Are data warehouses becoming victims of their own success? It’s hard to ignore the reality that the appetite for BI analytics has grown steadily – it’s one of the few enterprise IT software markets to continue enjoying steady growth over the past decade or more. While BI has not yet morphed into that long-promised democratic knowledge tool for the masses, there’s little question that it has become firmly embedded as a pillar of enterprise IT. Increasingly, analytics are being integrated with transactions, and there’s a movement for self-service BI that aims to address the everyman gap.

On the data side, there’s little question about the impact of data warehousing and BI. Enterprises have increasingly voracious appetite for data. And there are more kinds of data coming in. As part of our day job, we globally surveyed large enterprise data warehouse users (DWs over a terabyte) a couple years back and discovered over half of them were already routinely conducting text analytics in addition to conventionally structured data.

While SQL platforms have steadily increased scale and performance (it’s easy to forget that 30 years ago, conventional wisdom was that they would never scale to support enterprise OLTP systems), the legwork of operating data warehouses is becoming a source of bottlenecks. Data warehouses and transactional systems have traditionally been kept apart because their workloads significantly differed; they were typically kept at arm’s length with separate staging servers in the middle tier, where ETL operations were performed.

Yet, surging data volumes are breaking this pattern. With growing data volumes has come an emerging pattern where data and processing are brought together on the same platform. The “ELT” pattern was thus born based on the notion that collocating transformation operations inside the data warehouse would be more efficient as it would reduce data movements. The downside of ELT, however, is that data transformation compute cycles compete for finite resource with analytics.

Enter Hadoop. First developed for Internet companies for solving what were considered unique Internet problems (e.g., search indexes, ad optimization, gaming, etc.), enterprises are intrigued by the new platform for its ability to broaden the scope of their analytics to accommodate data outside the traditional purview of the data warehouse. Indeed, Hadoop allows organizations to broaden their analytic view. Instead of a traditional “360 view” of the customer that is largely transaction-based, add in social or mobile data to get a fuller picture. The same goes with machine data for operations, or weblog data for any Internet site.

But Hadoop can have another role in supplementing the data warehouse, performing the heavy lift at less cost. For starters, inserting a Hadoop platform to perform data transformation can offload cycles from the data warehouse to an environment where compute (and storage) are far less expensive. The software is far less expensive and the hardware is pure commodity (x86, standard Ethernet, and cheap 1 – 3 TB disk). And the system is sufficiently scalable that, should you need to commandeer additional resources to crunch higher transformation loads, they can be added economically by growing out your clusters.

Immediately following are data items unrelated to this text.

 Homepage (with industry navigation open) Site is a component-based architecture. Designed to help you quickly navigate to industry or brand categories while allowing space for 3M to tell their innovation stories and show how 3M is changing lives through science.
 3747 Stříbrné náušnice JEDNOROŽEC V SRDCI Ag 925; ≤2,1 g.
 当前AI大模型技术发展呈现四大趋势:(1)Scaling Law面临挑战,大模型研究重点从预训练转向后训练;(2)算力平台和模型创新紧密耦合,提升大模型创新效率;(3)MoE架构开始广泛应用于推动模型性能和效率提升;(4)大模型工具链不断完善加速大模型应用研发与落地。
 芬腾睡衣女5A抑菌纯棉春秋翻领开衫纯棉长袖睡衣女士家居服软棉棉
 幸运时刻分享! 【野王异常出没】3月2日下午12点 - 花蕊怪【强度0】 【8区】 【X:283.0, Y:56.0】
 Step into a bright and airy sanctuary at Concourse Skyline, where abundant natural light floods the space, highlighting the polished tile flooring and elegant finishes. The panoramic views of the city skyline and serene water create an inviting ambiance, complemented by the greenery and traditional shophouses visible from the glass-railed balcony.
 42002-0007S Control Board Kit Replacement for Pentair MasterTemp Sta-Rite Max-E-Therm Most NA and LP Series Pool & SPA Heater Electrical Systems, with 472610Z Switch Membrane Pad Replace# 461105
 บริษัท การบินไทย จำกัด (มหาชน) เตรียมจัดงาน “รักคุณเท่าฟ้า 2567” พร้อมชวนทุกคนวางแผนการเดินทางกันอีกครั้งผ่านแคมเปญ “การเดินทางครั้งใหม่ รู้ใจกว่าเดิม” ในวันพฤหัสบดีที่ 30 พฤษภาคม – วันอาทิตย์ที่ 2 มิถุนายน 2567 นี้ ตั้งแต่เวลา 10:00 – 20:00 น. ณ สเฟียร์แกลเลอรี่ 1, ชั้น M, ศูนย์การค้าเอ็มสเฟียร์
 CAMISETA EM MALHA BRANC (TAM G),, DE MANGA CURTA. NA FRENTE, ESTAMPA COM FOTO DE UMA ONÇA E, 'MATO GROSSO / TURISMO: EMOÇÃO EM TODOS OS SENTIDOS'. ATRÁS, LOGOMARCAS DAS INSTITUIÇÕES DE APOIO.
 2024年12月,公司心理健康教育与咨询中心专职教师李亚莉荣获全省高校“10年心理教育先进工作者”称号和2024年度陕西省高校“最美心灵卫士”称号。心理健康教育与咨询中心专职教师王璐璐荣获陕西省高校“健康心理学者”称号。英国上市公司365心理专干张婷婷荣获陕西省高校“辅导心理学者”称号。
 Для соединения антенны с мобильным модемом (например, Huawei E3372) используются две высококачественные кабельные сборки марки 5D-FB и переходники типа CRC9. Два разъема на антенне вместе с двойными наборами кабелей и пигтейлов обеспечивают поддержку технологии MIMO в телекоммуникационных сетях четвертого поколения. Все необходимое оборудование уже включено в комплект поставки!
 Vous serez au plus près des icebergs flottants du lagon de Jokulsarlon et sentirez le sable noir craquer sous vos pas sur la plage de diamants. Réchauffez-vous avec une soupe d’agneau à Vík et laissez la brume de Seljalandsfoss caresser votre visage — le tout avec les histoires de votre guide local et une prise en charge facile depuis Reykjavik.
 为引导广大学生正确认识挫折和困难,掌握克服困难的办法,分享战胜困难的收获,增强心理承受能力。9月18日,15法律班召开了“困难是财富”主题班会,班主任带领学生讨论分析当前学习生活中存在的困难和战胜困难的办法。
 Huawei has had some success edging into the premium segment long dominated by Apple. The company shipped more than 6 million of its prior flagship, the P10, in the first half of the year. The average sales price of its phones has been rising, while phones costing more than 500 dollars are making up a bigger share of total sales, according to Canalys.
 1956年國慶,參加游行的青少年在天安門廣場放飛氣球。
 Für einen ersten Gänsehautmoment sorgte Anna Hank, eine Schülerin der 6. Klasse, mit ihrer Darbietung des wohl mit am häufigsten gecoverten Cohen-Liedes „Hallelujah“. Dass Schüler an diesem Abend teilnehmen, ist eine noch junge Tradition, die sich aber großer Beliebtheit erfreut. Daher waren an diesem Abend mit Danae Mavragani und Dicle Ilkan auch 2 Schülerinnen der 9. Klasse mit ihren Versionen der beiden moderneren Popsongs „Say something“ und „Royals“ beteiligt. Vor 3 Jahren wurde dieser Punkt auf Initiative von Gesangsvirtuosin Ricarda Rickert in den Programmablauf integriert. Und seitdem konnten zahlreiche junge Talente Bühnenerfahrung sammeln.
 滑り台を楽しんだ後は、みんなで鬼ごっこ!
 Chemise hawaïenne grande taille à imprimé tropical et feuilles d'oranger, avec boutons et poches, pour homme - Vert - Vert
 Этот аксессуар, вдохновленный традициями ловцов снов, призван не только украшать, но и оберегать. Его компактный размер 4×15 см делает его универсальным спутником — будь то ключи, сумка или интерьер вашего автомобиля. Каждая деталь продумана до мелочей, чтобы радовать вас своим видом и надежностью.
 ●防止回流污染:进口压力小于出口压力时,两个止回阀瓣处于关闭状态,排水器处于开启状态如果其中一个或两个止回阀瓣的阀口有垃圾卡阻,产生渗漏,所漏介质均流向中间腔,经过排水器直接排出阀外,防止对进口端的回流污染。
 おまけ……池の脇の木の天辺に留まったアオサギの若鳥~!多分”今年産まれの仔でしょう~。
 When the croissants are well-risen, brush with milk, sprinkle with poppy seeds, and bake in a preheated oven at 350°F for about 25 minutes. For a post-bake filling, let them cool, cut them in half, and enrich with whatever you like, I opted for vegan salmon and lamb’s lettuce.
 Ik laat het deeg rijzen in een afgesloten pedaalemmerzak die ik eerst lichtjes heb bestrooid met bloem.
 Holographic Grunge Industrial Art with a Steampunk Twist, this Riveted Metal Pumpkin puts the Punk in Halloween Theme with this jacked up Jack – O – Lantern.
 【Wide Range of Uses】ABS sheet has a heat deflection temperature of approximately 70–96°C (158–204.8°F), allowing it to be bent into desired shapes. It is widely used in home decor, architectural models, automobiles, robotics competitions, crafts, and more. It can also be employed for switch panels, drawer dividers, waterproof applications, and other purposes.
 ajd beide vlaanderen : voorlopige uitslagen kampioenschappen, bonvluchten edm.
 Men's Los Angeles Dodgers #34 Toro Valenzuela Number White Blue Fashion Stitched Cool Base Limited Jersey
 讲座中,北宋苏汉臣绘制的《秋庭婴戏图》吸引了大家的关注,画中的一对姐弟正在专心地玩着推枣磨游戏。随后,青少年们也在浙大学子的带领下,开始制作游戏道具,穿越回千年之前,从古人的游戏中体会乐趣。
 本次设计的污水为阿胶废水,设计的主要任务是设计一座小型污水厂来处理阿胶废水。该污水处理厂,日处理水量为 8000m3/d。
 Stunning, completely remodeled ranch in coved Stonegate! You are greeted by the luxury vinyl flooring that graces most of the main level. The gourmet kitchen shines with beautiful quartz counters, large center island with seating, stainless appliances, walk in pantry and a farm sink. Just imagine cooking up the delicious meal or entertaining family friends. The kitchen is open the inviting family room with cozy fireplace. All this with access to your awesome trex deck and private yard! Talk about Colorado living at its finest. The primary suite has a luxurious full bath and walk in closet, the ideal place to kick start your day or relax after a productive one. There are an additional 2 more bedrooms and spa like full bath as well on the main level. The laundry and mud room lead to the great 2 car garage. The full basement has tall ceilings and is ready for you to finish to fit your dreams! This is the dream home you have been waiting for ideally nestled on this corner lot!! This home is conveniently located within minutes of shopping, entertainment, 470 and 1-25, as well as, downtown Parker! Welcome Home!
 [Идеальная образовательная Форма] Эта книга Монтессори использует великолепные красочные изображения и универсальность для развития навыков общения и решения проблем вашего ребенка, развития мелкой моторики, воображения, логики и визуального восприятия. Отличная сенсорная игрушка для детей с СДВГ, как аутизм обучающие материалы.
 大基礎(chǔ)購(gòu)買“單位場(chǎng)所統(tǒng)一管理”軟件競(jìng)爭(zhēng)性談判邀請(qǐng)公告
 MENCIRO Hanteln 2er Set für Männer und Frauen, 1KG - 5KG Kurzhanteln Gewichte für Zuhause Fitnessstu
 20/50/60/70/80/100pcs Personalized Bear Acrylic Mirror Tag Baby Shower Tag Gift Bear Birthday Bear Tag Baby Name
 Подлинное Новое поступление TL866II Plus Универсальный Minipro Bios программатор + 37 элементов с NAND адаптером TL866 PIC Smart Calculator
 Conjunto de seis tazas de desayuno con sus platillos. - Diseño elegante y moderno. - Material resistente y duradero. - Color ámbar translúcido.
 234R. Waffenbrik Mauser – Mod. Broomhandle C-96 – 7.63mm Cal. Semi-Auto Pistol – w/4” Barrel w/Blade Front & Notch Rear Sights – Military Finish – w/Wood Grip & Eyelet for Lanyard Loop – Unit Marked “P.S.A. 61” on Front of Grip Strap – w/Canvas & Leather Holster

Admittedly, there’s no free lunch; Hadoop is not free, as in free beer.
1. Like most open source software, you will pay for support. However, when compared to the cost of licensing commercial database software (where fees are related to installation size), the cost of open source should be far more modest.
2. In the short run, you will likely pay more for Hadoop skills because they are not (yet) as plentiful as SQL. This is a temporary state of affairs; as with Java 1999, the laws of supply and demand will eventually resolve this hurdle.
3. Hadoop is not as mature a platform as off-the-shelf SQL counterparts, but that is also a situation that time will eventually resolve.
4. Hadoop adds another tier to your analytic platform environment. If you embraced ELT, it does introduce some additional data movement; but then again, you may not have to load all of that data to a SQL target in the end.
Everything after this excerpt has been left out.